Now that i installed a new HDD it seems to be capped at 50% instead.. my plan was to move everything over to the new hard drive including my OS so that i could just boot from the new hdd..

the thing is i dont know.. can anyone diagnose the situation? was my old one faulty or is there some other problem?
 
Solution
Open the resource monitor ( resmon.exe ) and go to the disk tab.

This will allow you to see what exactly is writing and or reading to and from that hard drive.

An idle hard drive stays at idle unless acted upon by you telling it to do something or Windows decides it wants to do something.
(Let's call that Derek's First Law of Hard Drive Activity)

The task scheduler has a defrag task which will heavily tax a hard drive .
(This should obviously be disabled if you have a solid state)

Windows Update likes to download.

The Windows Indexing Service likes to index when it sees nothing is using the hard drives.

The resource monitor will tell you exactly which one is taking up your hard drive's active time.
It's totally normal to see disk usage at 100% a fair amount of the time, so unless you're seeing other system hangs, BSOD's, CRC errors, etc. I wouldn't worry about it.

As to why it's now showing 50%, that's a simple math equation.

old setup:
1Drive x Active 100% = 100%

new setup:
((1 drive x Active 100%) + (1 drive x Active 0%)) / 2 drives = 50% drive active time.

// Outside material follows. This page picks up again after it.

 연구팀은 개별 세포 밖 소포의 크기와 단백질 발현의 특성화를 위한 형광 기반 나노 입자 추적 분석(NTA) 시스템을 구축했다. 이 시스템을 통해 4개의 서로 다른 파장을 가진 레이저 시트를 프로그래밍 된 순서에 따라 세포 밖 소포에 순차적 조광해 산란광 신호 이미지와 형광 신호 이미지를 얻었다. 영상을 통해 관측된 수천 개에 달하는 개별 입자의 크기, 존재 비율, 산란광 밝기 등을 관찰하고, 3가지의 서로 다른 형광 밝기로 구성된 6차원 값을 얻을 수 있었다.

It's just averaging out the two drives and since one is idle it's never going past 50%.
 
Open the resource monitor ( resmon.exe ) and go to the disk tab.

This will allow you to see what exactly is writing and or reading to and from that hard drive.

An idle hard drive stays at idle unless acted upon by you telling it to do something or Windows decides it wants to do something.
(Let's call that Derek's First Law of Hard Drive Activity)

The task scheduler has a defrag task which will heavily tax a hard drive .
(This should obviously be disabled if you have a solid state)

Windows Update likes to download.

The Windows Indexing Service likes to index when it sees nothing is using the hard drives.

The resource monitor will tell you exactly which one is taking up your hard drive's active time.